>>>

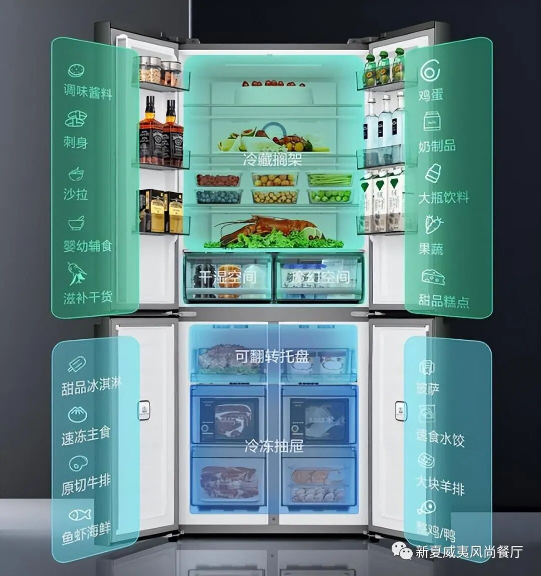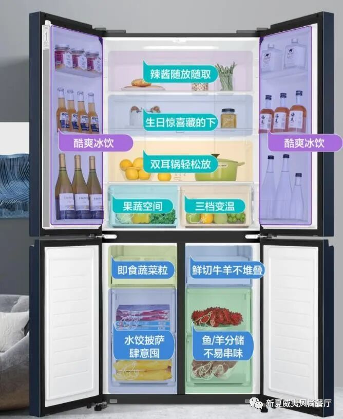冰箱的布局和类型也是很重要的。家用来说,一般以双门电冰箱、三门电冰箱和四门电冰箱。还有对开门和十字门的选择,各有各的优点。像十字门冰箱还有变温区或者干湿分储区,给我们提供了更多的冷藏选择,但是价格也更贵一点,根据自己的需求选择就好。
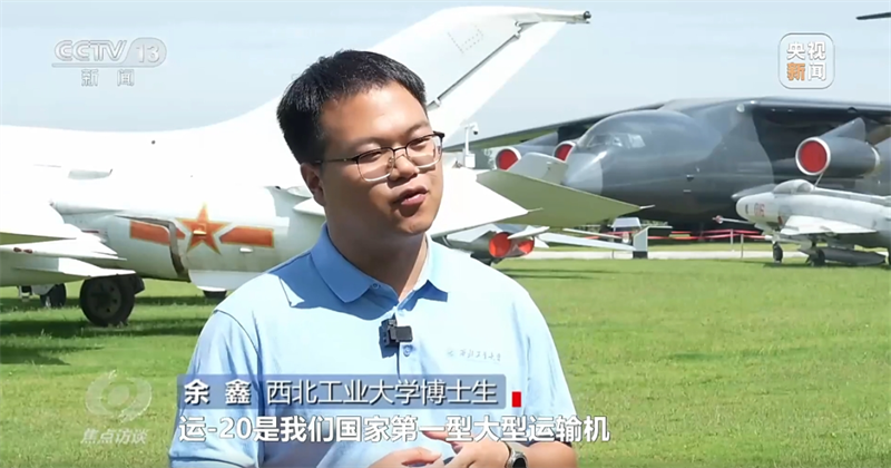 西北工业大学博士生余鑫:“运-20是我们国家第一型大型运输机,展现了我国在大国重器方面从无到有的力量。作为一名材料学的博士生,不仅让我了解到一件件展品背后的故事,更让我看到一架架飞机背后材料在军工领域运用的卓越性。”
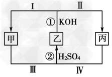 ①正极:__________________________________________; ②负极:__________________________________________。 (3)乙图中铝片与NaOH溶液反应的总化学方程式为______________________。某同学测得乙图中实验前铝片的质量是10g,实验后的质量是4.6g,则在实验过程中产生氢气的体积为?L(标况),转移电子的物质的量为?mol。 2、填空题 化学中有一种在同种元素之间发生电子转移的氧化还原反应,这种反应有时会因溶液酸碱性的变化而改变反应方向,如图所示,甲、乙、丙三种物质中含有同一种元素。 3、选择题 下图所示装置能够组成原电池,并且能产生明显电流的是(?) 4、填空题 依据氧化还原反应:2Ag+(aq)+Cu(s)==Cu2+(aq)+2Ag(s)设计的原电池如图所示。 5、选择题 关于下列各装置图的叙述不正确的是( ) |
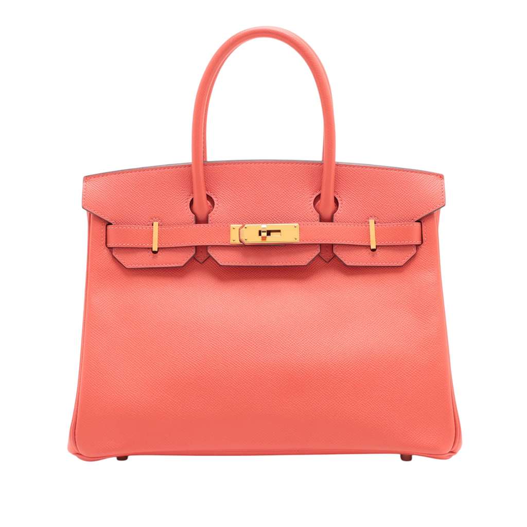 This Birkin 30 features an Epsom leather body in Rouge Pivoine color, rolled leather handles, a front flap with turn lock closure, and interior zip and slip pockets.
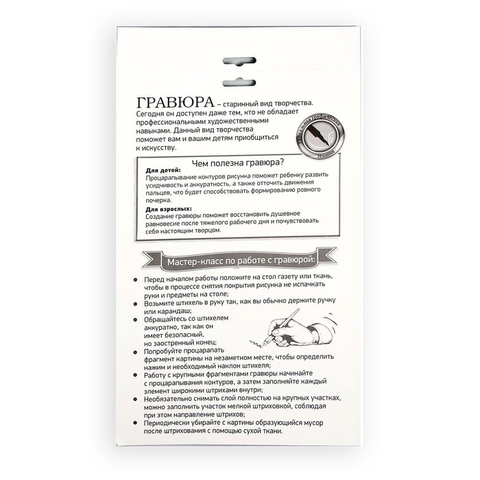 Гравюра представляет собой многослойное панно, покрытое чёрной краской, на которое нанесён контур рисунка. С помощью особого скребка (штихеля), который входит в набор, путём процарапывания и создается гравюра.

<<<

In your copy, repeat the records above exactly and include no images.

• Task answer:
冰箱的布局和类型也是很重要的。家用来说,一般以双门电冰箱、三门电冰箱和四门电冰箱。还有对开门和十字门的选择,各有各的优点。像十字门冰箱还有变温区或者干湿分储区,给我们提供了更多的冷藏选择,但是价格也更贵一点,根据自己的需求选择就好。
 西北工业大学博士生余鑫:“运-20是我们国家第一型大型运输机,展现了我国在大国重器方面从无到有的力量。作为一名材料学的博士生,不仅让我了解到一件件展品背后的故事,更让我看到一架架飞机背后材料在军工领域运用的卓越性。”
 ①正极:__________________________________________; ②负极:__________________________________________。 (3)乙图中铝片与NaOH溶液反应的总化学方程式为______________________。某同学测得乙图中实验前铝片的质量是10g,实验后的质量是4.6g,则在实验过程中产生氢气的体积为?L(标况),转移电子的物质的量为?mol。 2、填空题 化学中有一种在同种元素之间发生电子转移的氧化还原反应,这种反应有时会因溶液酸碱性的变化而改变反应方向,如图所示,甲、乙、丙三种物质中含有同一种元素。 3、选择题 下图所示装置能够组成原电池,并且能产生明显电流的是(?) 4、填空题 依据氧化还原反应:2Ag+(aq)+Cu(s)==Cu2+(aq)+2Ag(s)设计的原电池如图所示。 5、选择题 关于下列各装置图的叙述不正确的是( ) |
 This Birkin 30 features an Epsom leather body in Rouge Pivoine color, rolled leather handles, a front flap with turn lock closure, and interior zip and slip pockets.
 Гравюра представляет собой многослойное панно, покрытое чёрной краской, на которое нанесён контур рисунка. С помощью особого скребка (штихеля), который входит в набор, путём процарапывания и создается гравюра.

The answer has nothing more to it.